Il sera toujours sur ses gardes et l’abandon nécessaire à une sexualité harmonieuse sera compliqué. L’auditeur qui est bloqué à ce niveau est souvent très revendicatif et critique de manière agressive son partenaire. La solution : lui faire prendre conscience qu’il a peur de vivre. Sans doute n’a-t-il pas été assez sécurisé durant son enfance. Il doit développer son émotionnel en repérant ses accès de colère ou de déprime qui sont toujours dus à une insécurité. Il doit apprendre à ne plus être d’un corps animal. Le sport est un bon moyen de canaliser cette énergie encore très brute.

Le couple : il doit veiller à satisfaire ses besoins de sécurité. Le manque d’argent par exemple est souvent néfaste pour ce niveau et provoque une absence de sexualité ou une sexualité avide sans réceptivité au désir du partenaire.

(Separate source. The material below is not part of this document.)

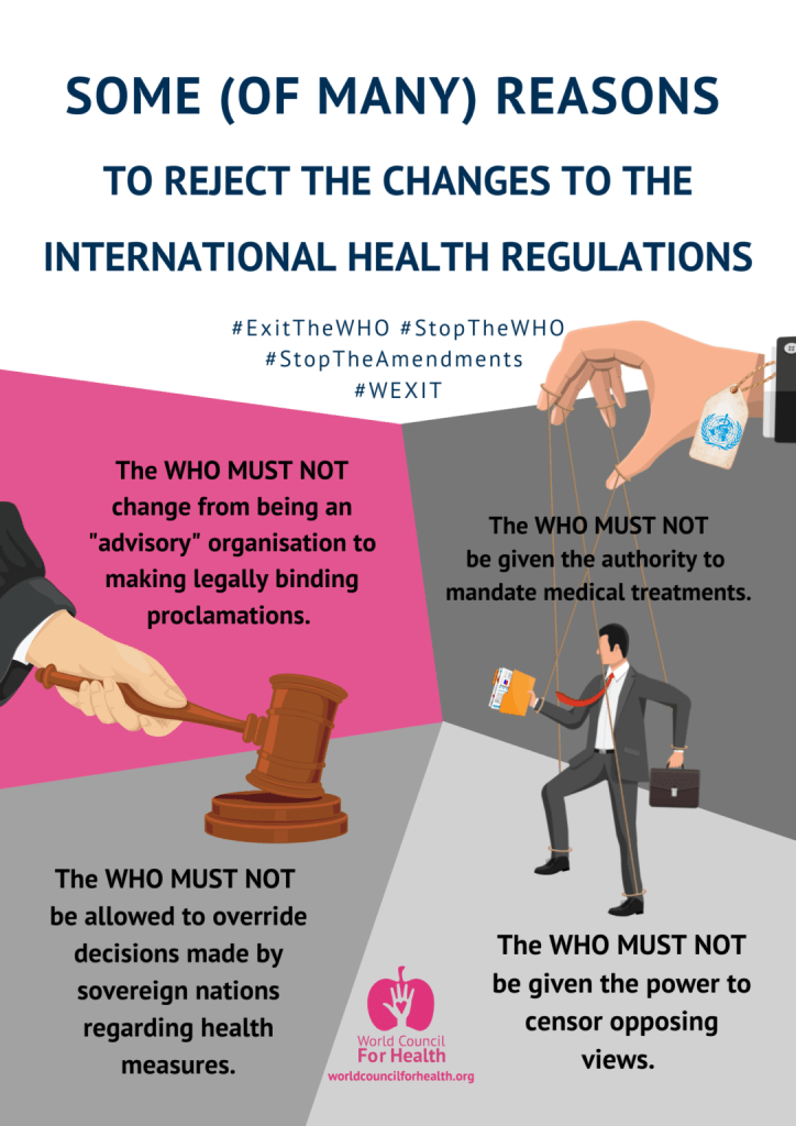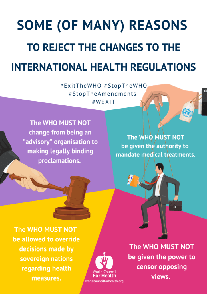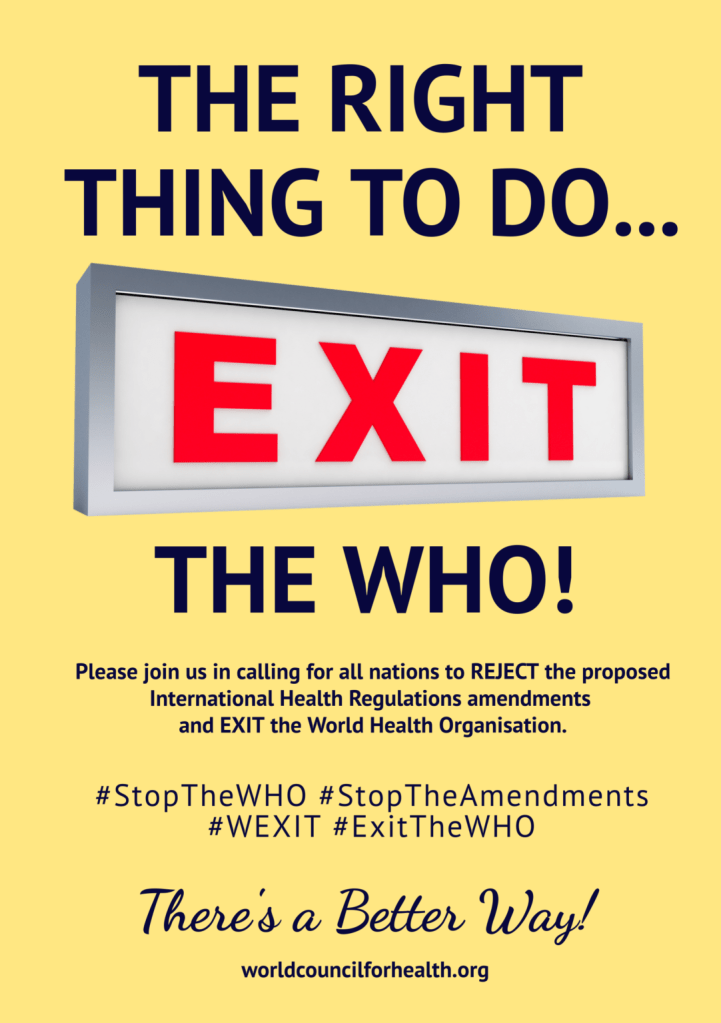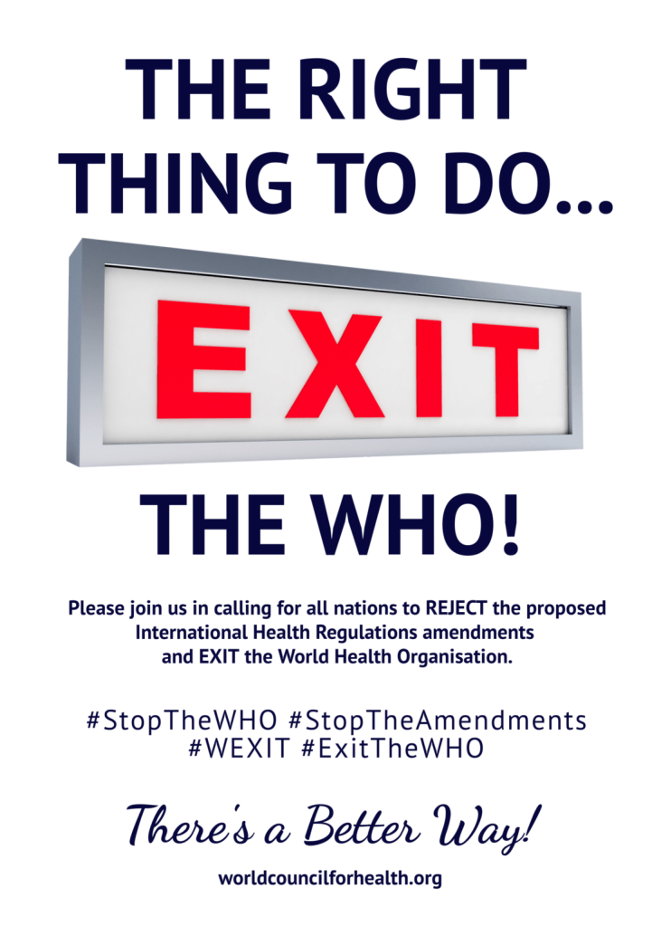 Please save and share the images below, both online and in person. When sharing information on social media, use the hashtags #StopTheWHO, #ExitTheWHO, #wexit, and #StopTheAmendments. The WCH Law and Activism Committee is currently taking video submissions in response to the prompt: Tell us in a short video the number one reason why your country should exit the WHO. Learn more and submit your video.

Le second plan est le centre sexuel par excellence mais il est aussi le centre de nos émotions. Il contient donc une énergie importante et il est évidemment essentiel dans la vie de couple. Ce centre se trouve dans le bas-ventre, au centre même de notre corps. Tracez une ligne entre l’anus et le nombril ; au milieu de cette ligne se trouve ce centre énergétique. S’il est vécu de manière encore immature, le partenaire recherchera la fusion et aura tendance à devenir dépendant de son partenaire. Cela peut entraîner des jalousies ou des instincts de possession. Bien vécu, la construction de l’identité sexuelle permet une assise et une force pulsionnelle positive.